Intrinsic molecular stratification of human colorectal cancer. Unsupervised analysis and hierarchical clustering of global gene expression data derived from colorectal cancer cases identified 2 major "intrinsic" subclasses (cyan and magenta) distinguished by the first principal component (PC1) of the most variable genes. These two key native subtypes were clearly identified in both the (a) Moffitt Cancer Center (MCC) data set (n = 326) and the (b) EXPO dataset (n = 269). PC1 was later found to be tightly correlated with an EMT signature derived from cell lines, providing an explanation for the biology underpinning these two intrinsic classes in both datasets. PC1 clearly distinguishes two subclasses which were subsequently identified as epithelial vs. mesenchymal. On both panels (a) and (b), mean-centered probe intensities are shown, and probes are clustered using Pearson correlation based distance and Ward linkage.
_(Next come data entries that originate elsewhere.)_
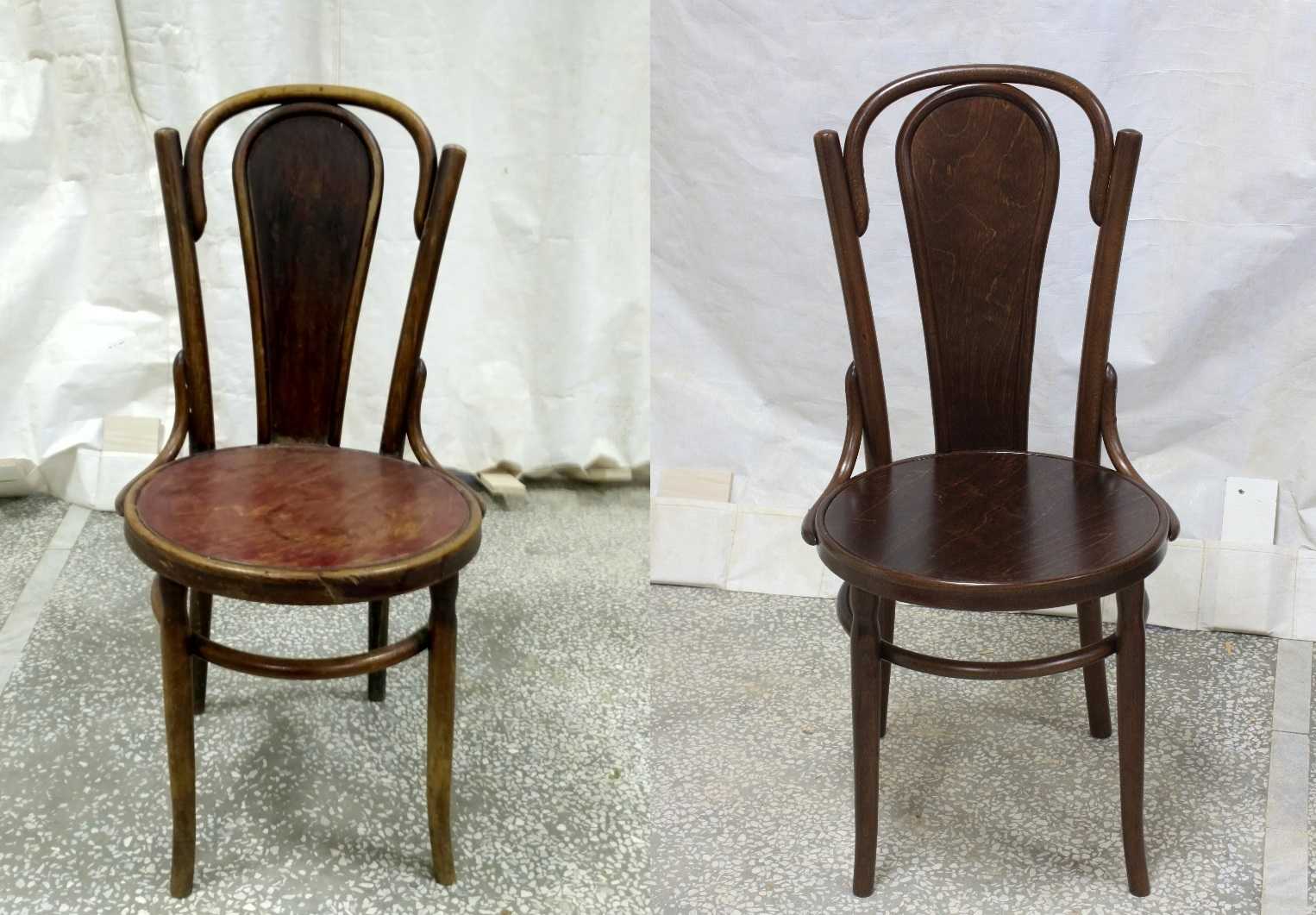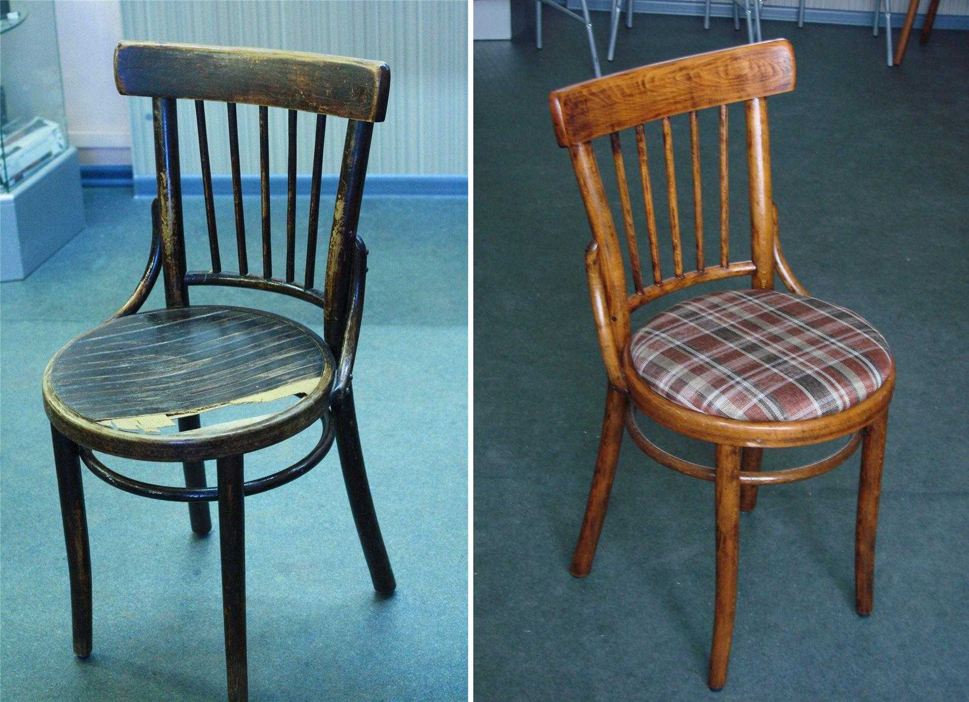 Например, если брать во внимание восстановление стульев, то на сиденье достаточно натянуть новую ткань. На фото можно увидеть изделие до и после реставрации
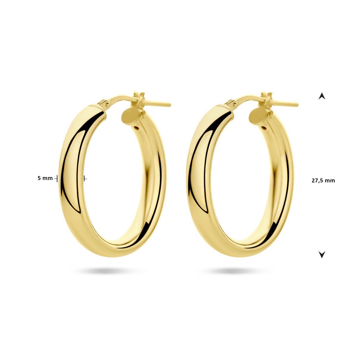 Verguld op 925 zilveren oorringen met een afmeting van 27.5x5mm. Geen garantie op de plating.
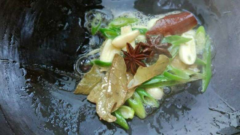 4. 热锅热油,爆香,葱,蒜,八角,香叶,桂皮
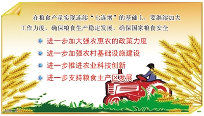 粮食产量“七连增”象征着米袋子满,菜篮子丰,农民钱袋子鼓。稳定粮食生产,为保供给、稳物价、保民生,保持国民经济平稳较快发展提供了基础支撑,为我国全面完成“十一五”计划确定的目标任务和实现“十二五”良好开局奠定了基础。如何在实现“七连增”的基础上,继续保持粮食生产稳定发展的好势头,成为全社会关注的话题。
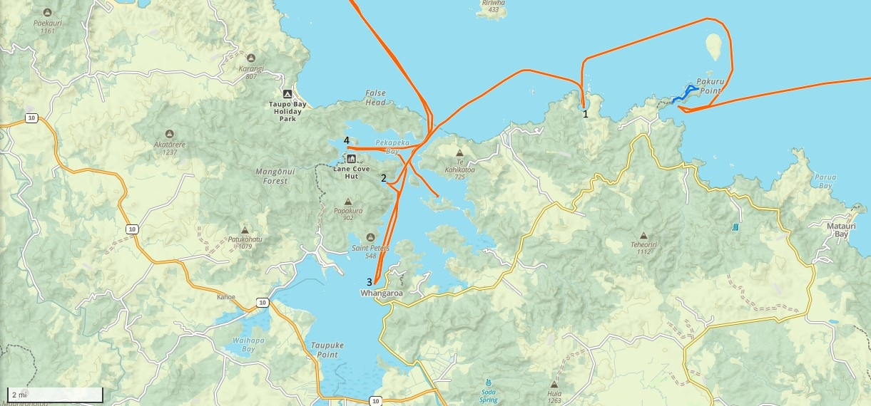 Just a short sail away from our last anchorage (1) is an inlet that provides access to the well protected waters of Whangaroa Harbor, and away from the ocean swell just outside the entry gates. Numerus bays sprinkle Whangaroa Harbor and we wanted to visit a few before continuing north to other adventures. A small village (3) offered the possibility of making it to a grocery store as well, but after calling ahead to ask about a taxi for the 5 mile drive to the nearest market, that idea was nixed.
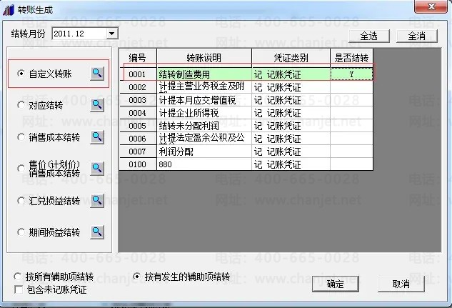 (5)a、依次点击“总账”-“期末”-“转账生成”,选择“自定义转账”,选择需要结转的项目(结转制造费用):
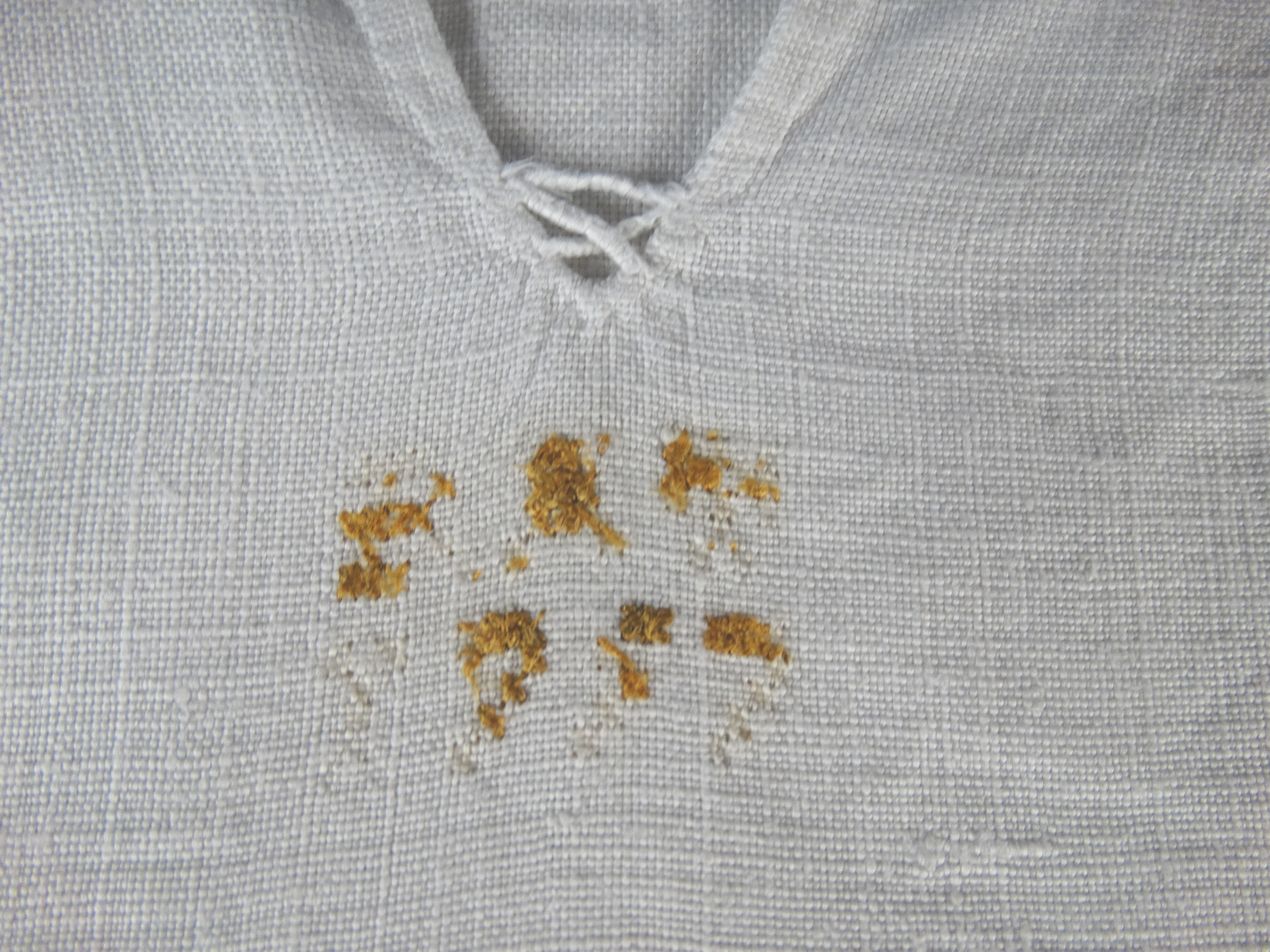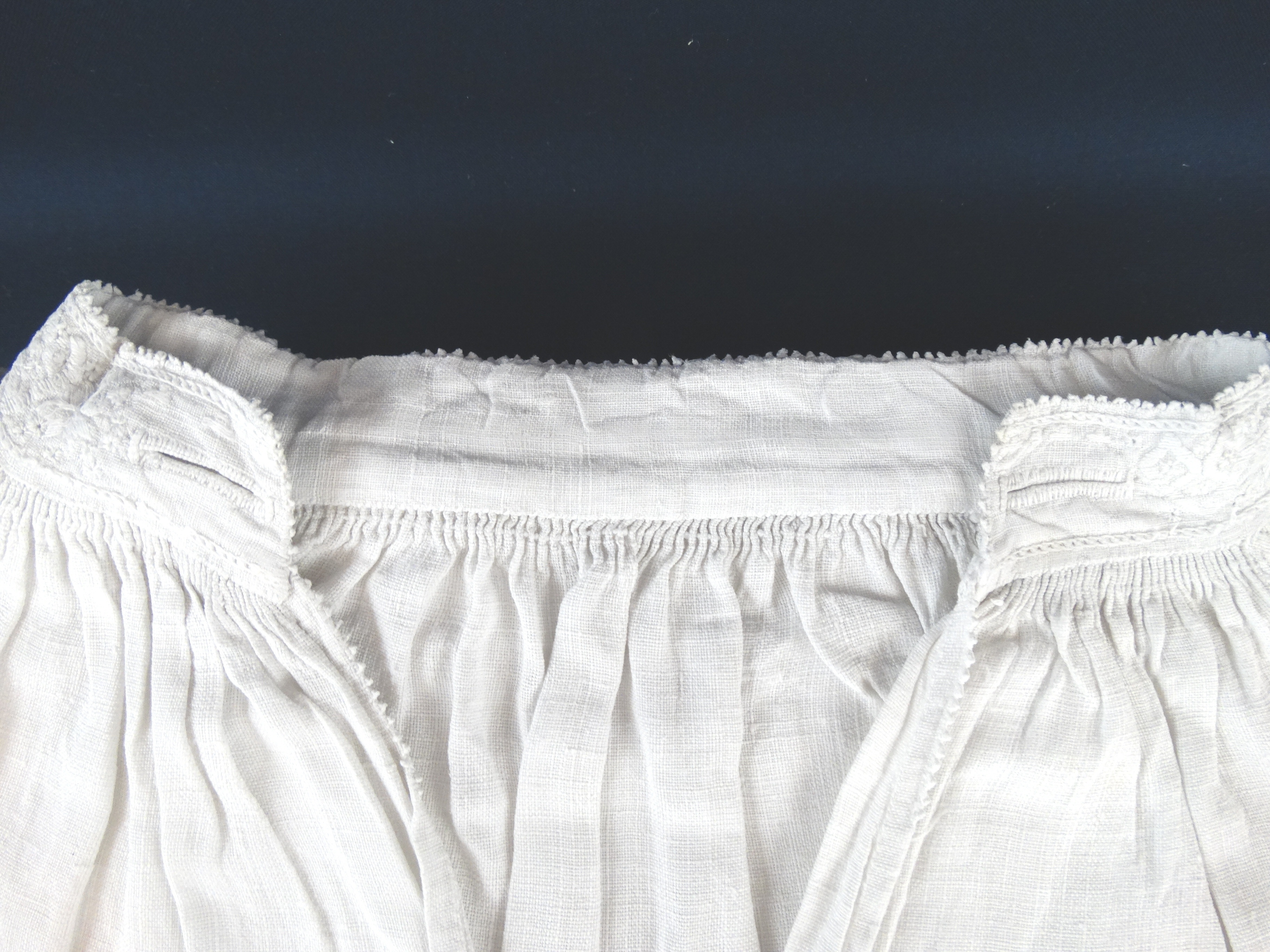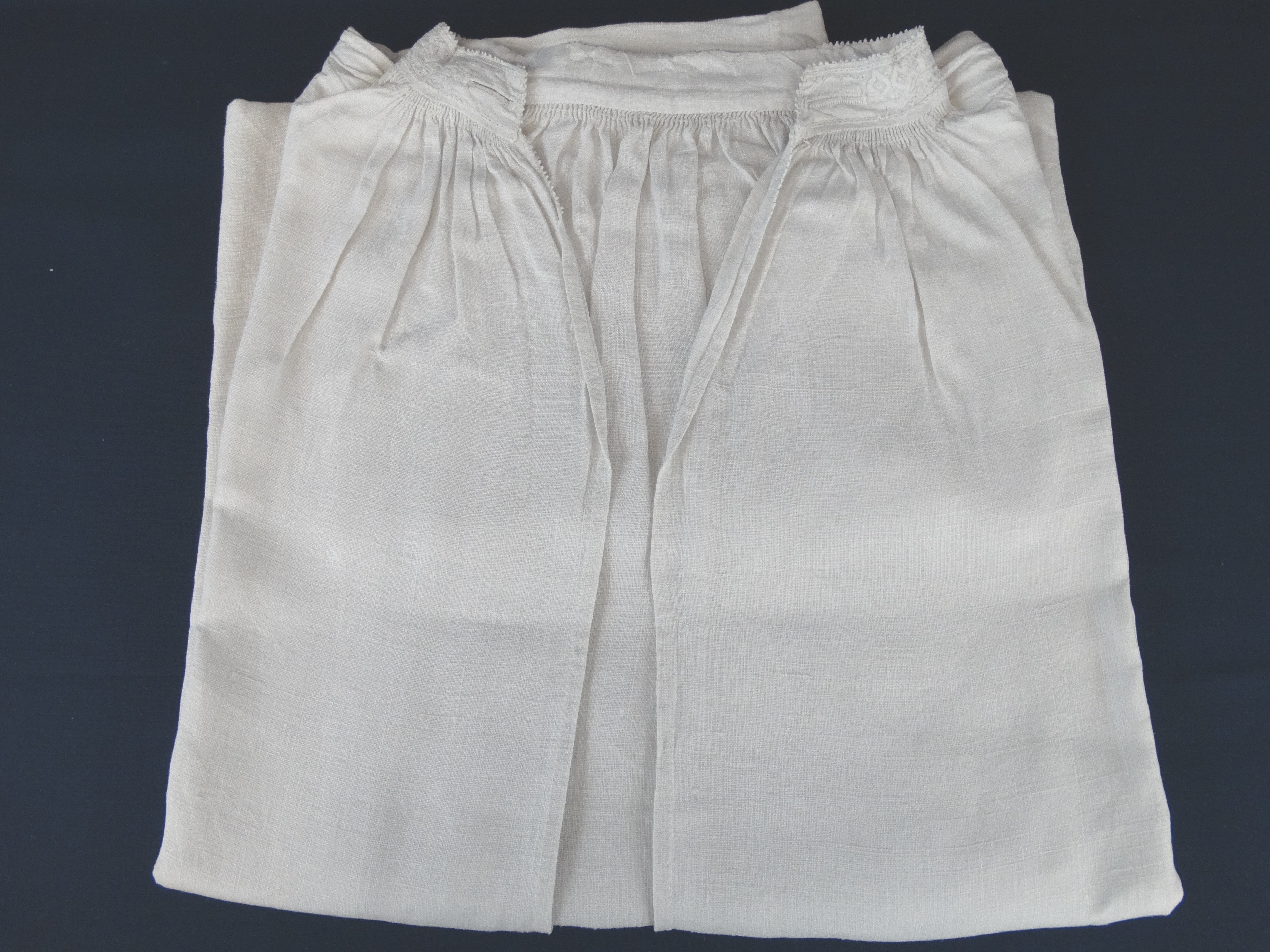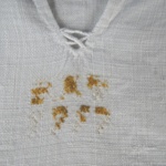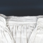 Linnen, wit, met kort bewerkt boordje, 2 knoopsgaten zonder knopenpen, split met netje. Monogram: EW 1744?

Also, rows represent samples, and columns represent array probes. Panel (c) shows scatter plot of EMT signature score and PC1 (First Principal Component Score) on Moffitt Cancer Center data set. Panel (D) shows the scatter plot between probe intensities for Vimentin (VIM) and E-cadherin probes in a panel of 93 Lung Cancer Cell Lines. Cell Lines exhibiting epithelial-like phenotype are shown in green; those exhibiting mesenchymal-like phenotype are shown in red.

We further confirmed the expression of this same embedded pattern of gene expression (PC1) in the independent ExPO data set (n = 269) (Figure 1b), suggesting that EMT is a pervasive program underpinning colon cancer biology. To further clarify the EMT association with the PC1 signature, genes previously linked to the EMT program such as VIM, FGFR, FLT1, FN1, TWIST, AXL, and TCF, were individually assessed and found to be positively correlated with PC1/EMT (Figure 2). Similarly, genes such as CDH1, CLDN9, EGFR, and MET were negatively correlated with PC1/EMT. Also shown are multi-gene signatures (black labels) such as EMT, TGF-beta, RAS, proliferation, and MYC; TGF-beta is a known driver of EMT and thus correlates with both PC1 and EMT. Alternatively, RAS activation/dependency/addiction has been shown to anti-correlate with EMT [19]. K-RAS dependent cells exhibit an epithelial morphology, expressing significant cortical CDH1 but little VIM. Conversely, RAS-independent cells express little CDH1 but significant VIM. Our results are consistent with these findings. Of interest, proliferation, and an effecter of such (MYC), both anti-correlate with EMT.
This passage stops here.